Pub Date: Oct. 1st, 2002
ISBN: 0-7432-2863-4
Publisher: Scribner

A virtually unreadable debut novella by O, The Oprah Magazine editor Raffel (short fiction: In the Year of Long Division, 1995).

The story is basically about an unhappy family: Elise (usually referred to as “the mother”) returns to the childhood home she had run away from years earlier with her lover (referred to as “the lover”). She returns without the lover, however, bringing instead her sickly son James (usually referred to as “the boy”), who is not in very good shape at all. Elise’s own mother (referred to as “Mother”) died some years before, and while her father (“the father”) is still alive, he doesn’t get around much anymore and the place is kind of a dump. Elise’s sister (always called “the aunt”) is still around, and she looks after the boy while Elise pokes around the house looking for something she seems to have left behind. The aunt is a drunk, and at night she settles down with her nipper of gin and tells the boy a meandering version of the “Three Little Pigs” that becomes stranger and more meandering each night. There are long descriptions of the house—a once very grand house, apparently, built by the father—that make it sound very ominous and creepy.
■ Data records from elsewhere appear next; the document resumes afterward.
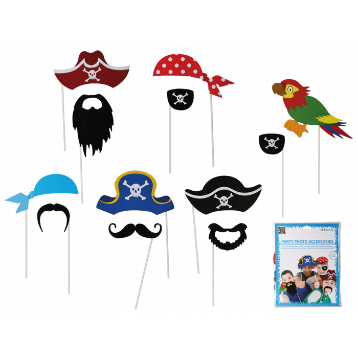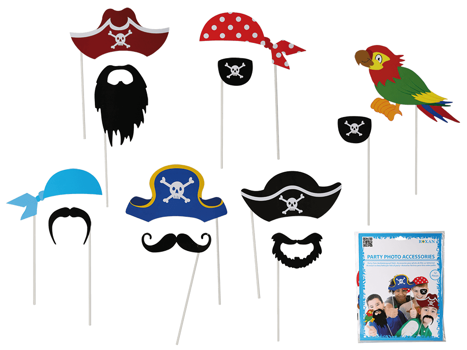 Kit de 12 accessoires de PhotoBooth, pour une séance photo fun et décalée sur le thème des pirates.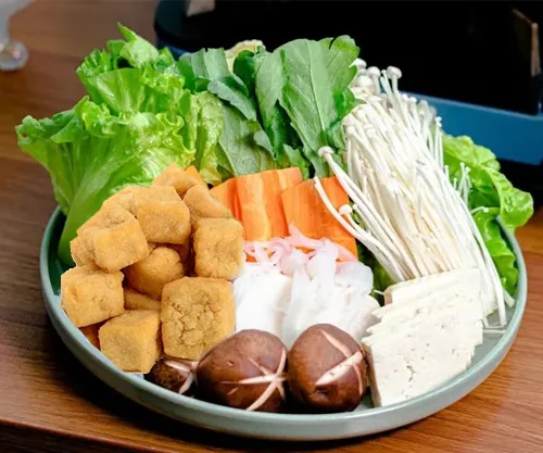 新鮮脆嫩的油麥菜、生菜,噴香的豆腐泡,還有網(wǎng)紅金針菇,解膩又滿足。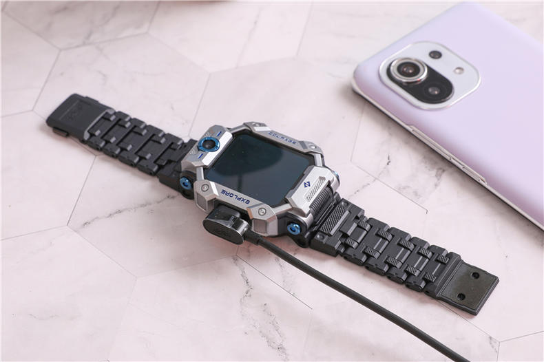 这款手表给我的第一印象有点像那种户外登山用的手表,看着就很耐脏耐造。机甲风表盘设计配合上厚实的橡胶包裹,看着很帅,儿子总说“它和奥特曼变身器一样帅”。质感卓越的同时耐摔耐脏耐造,太适合小朋友使用了。我甚至感觉它一直用到小学毕业都不会坏,看着太结实了。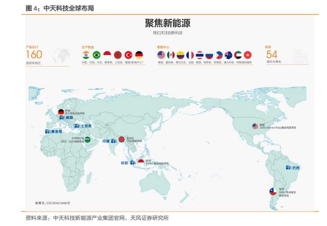 中天科技关注创新科技,聚焦新能源,在全球进行产品布局,拥有在印度、巴西等六地的海外工厂,同时在美国、墨西哥等10地具有营销中心、共设立54个海外办事处,具有国际化产品销售布局。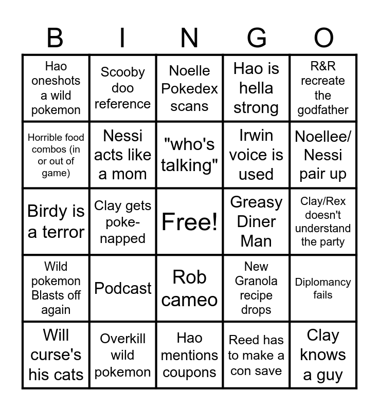 This bingo card has a free space and 29 words: Will curse's his cats, Team Regen Attacks, Clay gets poke-napped, Reed Mentions his scars, Hao oneshots a wild pokemon, Noelle Pokedex scans, Nessi acts like a mom, Podcast, Greasy Diner Man, Overkill wild pokemon, Clay/Rex doesn't understand the party, Clay knows a guy, Hao mentions coupons, Reed has to make a con save, Noellee/ Nessi pair up, *and roll w/ disadvantage, Rob cameo, Wild pokemon Blasts off again, R&R recreate the godfather, Birdy is a terror, New Granola recipe drops, Cleared a route, Irwin voice is used, Horrible food combos (in or out of game), Hao is hella strong, Scooby doo reference, Diplomancy fails, "who's talking" and Fishing mini game.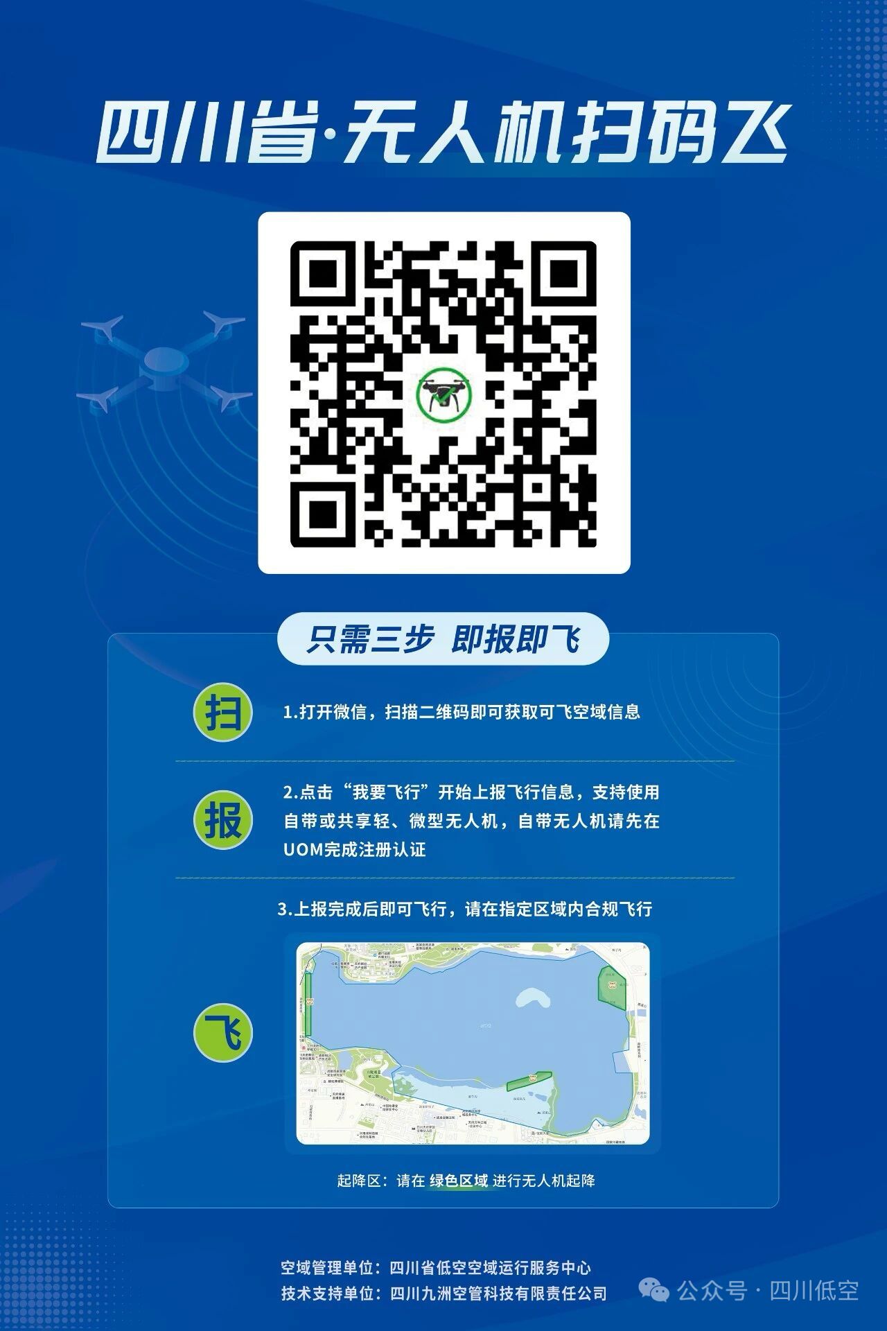 根据法律要求,使用“扫码飞”进行飞行前,用户须完成UOM系统实名认证。在管制空域试点区域内飞行必须通过小程序报备并遵守相关规定;在适飞空域也可使用,以便及时获取各类信息。一切飞行活动均须严格遵守国家法律法规,不得在禁飞区、未经批准的空域内操作,共同维护良好低空秩序。

There are also long stretches of pointless dialogue (“ ‘Please,’ said the child.” / “ ‘No,’ said the aunt.” / “ ‘Drink?’ said the child. ‘Some?’ ” / “ ‘Not for you,’ the aunt said” / “ ‘Want it,’ the child said.” / “ ‘This isn’t what you think it is.’ ” / “ ‘Juice?’ ” / “ ‘No juice,’ said the aunt. ‘This is gin’ ”) that sound like the cuttings from David Mamet’s floor, while the narration is sonorous and deliberately overwrought (“The place was not the aunt’s. Suppose, for the sake of argument, the place was the father’s”). The ending, which doesn’t really make clear what Elise was looking for or whether she makes peace with her family, doesn’t succeed in making much sense of the proceedings.

Rambling and obscure, this ultimately incoherent story never convinces you of the pertinence (much less importance) of the events it describes.